Transitioning with ease from one place to another has been challenging for me. In the past, it can be best described as a death grip on the edge of a cliff, mouth agape, with each finger being plunked free until I was forced to freefall, flailing ungracefully onward.
There was no peace in the fuzzy space of in-between but rather, a panicked clenching to action plans to make something, anything materialize. I wanted stuff settled and known so that I could feel ok on solid ground again. No amount of willful force made this time go any faster.
Well, lately, it’s been easier to straddle the transition. I can only describe it as a colleague recent's comment about “comfortable with the uncomfortable” while training for the 50 triathlons that he’s participated in.
I’ve noticed that when I’m in transition for a while, it’s because I’ve not learned whatever it was I supposed to get....the answer about how to move forward hadn’t been received because I wasn't ready to leave it, despite wanting to do so badly.
So, for me, the in-between time has become the “ribbons” around the gift. Some ribbons were knotted pretty crazily and while it took some time to untie and unwind them (the root cause of my suffering) they always gave me a gift of unimagined magnitude.
Lemme just say I’ve got a lot of ribbons around me feet because I’ve learned to shut up, be still, learn the deep seated lesson that the messiness unease was giving to me. It has ended up being the most critical part of moving onward to something better because something essential has changed in my deepest seated core.

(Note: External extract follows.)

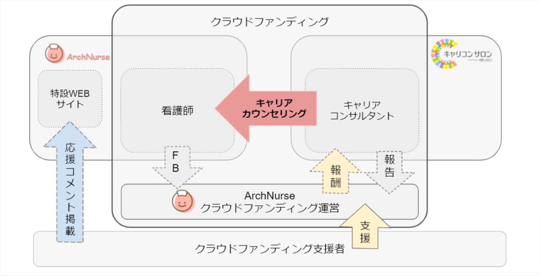 そして、皆さまからのご支援により、キャリア相談をしたい看護職が"無償"でキャリアコンサルタントにキャリア相談をすることが可能になります。

It’s a bit different than passively waiting for something to pass – it’s more like being acutely aware of the broken glass I’m standing on, but not squirming around in it. I know now that the discomfort is finite and that I WILL get something outta of it.
It’s also been interesting to note that I sometimes relearn a different aspect of the same gift as time goes on…I guess I wasn’t ready to learn the lesson all at once the first time so I’ve gotten to be ok with repeat visits.
What’s even more interesting to me is that I no longer wish for scissors to cut the ribbon away – I guess it’s not my path for an easy, clean, fast way out of things because I needed to learn to love the messy stuff just as much as the sunny side of things.
My reminders while straddling the in-between space:
- May I live like the lotus, at ease in the muddy water. Unknown
- Music is the space between the notes. Claude Debussy.